2. The adviser claims the client is the QROPS trustee and dismisses the complaint- this is the first time the client hears this and it is a bit of a shock. The client always understood the advice was aimed at their retirement needs.
3. Client complains to the QROPS trustees who state that the Investment Bond company should be approached (RL360, Generali, OMI, Friends Provident and others) and the investments were either at the clients’ own risk, or that the advice was given by the adviser to the individual.
4. The bond company (RL360, Generali, OMI, Friends Provident) , that did not give the advice, refers the client back to the adviser or trustee.

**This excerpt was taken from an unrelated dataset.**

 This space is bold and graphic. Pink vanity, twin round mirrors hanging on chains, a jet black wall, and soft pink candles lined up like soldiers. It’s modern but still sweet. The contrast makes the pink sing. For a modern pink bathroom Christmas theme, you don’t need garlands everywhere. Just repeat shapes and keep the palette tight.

5. Start at 1. and go around again in circles.
So, who is at fault?
No one will take responsibility when it goes wrong. It is therefore crucial that anyone dealing with a non-UK adviser understands that investing overseas for Increased Investment Flexibility with QROPS has risk. If someone is investing outside of normal regulated investments, with offers of larger returns, then the following must be obtained in writing (not on an email or back of an illustration!) within a proper letter of recommendation;
1. Confirmation of who is the investment client and who is responsible for the investment advice
2. Confirmation that the adviser is regulated to provide advice on all the investments recommended in the country where the advice is being provided(where the client is). For example, structured notes are derivative based, does the adviser have a licence to sell derivatives in the country where the client lives and does the adviser’s licence show up on the regulated website in that country, not a third party country (even the UK or USA)?

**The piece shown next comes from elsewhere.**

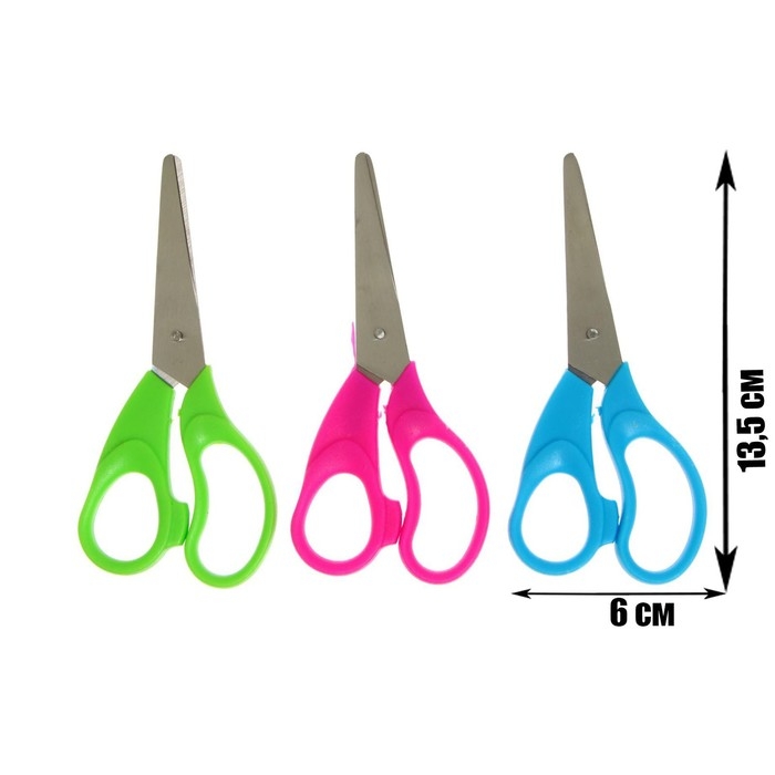 Ножницы канцелярские 13.5 см, пластиковые ручки, закругленные концы, блистер, корпус МИКС

3. Confirmation that no UCIS or any unregulated funds will be recommended by the firm that is regulated in the country where the client is receiving advice. Structured products must be checked to confirm they are actually for retail investors (90% are not).

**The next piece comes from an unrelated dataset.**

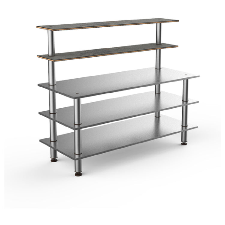 The Steelite MGCMLC04GSXF Mogogo Buffet Solutions Modular Pro Back Bar is a versatile and sophisticated addition to any hospitality setting. This modular back bar unit features a 5-tier design, providing ample space for various display and storage needs. Measuring 71 inches in length, 29-1/2 inches in width, and 60-1/2 inches in height, its substantial size is ideal for large-scale service environments. The back bar comes equipped with a solid stainless steel top, ensuring durability and easy maintenance, while the brushed stainless steel legs provide stable support. Enhanced by two back shelves, this unit offers additional display or storage capacity, optimizing functionality. The grey slate BHP high-pressure laminate with a bamboo core adds an elegant aesthetic, making it suitable for upscale venues. Designed to be knocked down, the Steelite MGCMLC04GSXF is easy to transport and assemble, allowing for flexibility in configuration and location. This modular back bar is constructed from high-quality materials, catering to the demanding needs of the food and beverage industry, from hotels and restaurants to catering services. Its robust structure and elegant design make it a practical and stylish solution for professionals seeking reliable and attractive buffet solutions.

Having obtained all of the three above in the “So, who is at fault?” section, you will find that the type of investments left will be largely identical to those in the UK, and a UK pension can provide exactly the same access to a wide range of investments, at lower cost, with higher consumer protection .
Increased Investment Flexibility with QROPS is largely used as a method to get clients away from proper regulation, enabling the sale of unnecessarily expensive investment bonds, unregulated/illiquid funds or institutional structured notes (also known as structured products). Please note the common thing is that they all do is make the salesperson a lot of money through undeclared commissions.
In this instance the term Increased Investment Flexibility with QROPS used to suggest that an investor is somehow limited by staying in a UK pension fund is a myth, if the investor wants properly regulated funds, ETFs and trackers.
The views expressed in this article are not to be construed as personal advice. You should contact a qualified and ideally regulated adviser in order to obtain up to date personal advice with regard to your own personal circumstances. If you do not then you are acting under your own authority and deemed “execution only”. The author does not except any liability for people acting without personalised advice, who base a decision on views expressed in this generic article. Where this article is dated then it is based on legislation as of the date. Legislation changes but articles are rarely updated, although sometimes a new article is written; so, please check for later articles or changes in legislation on official government websites, as this article should not be relied on in isolation.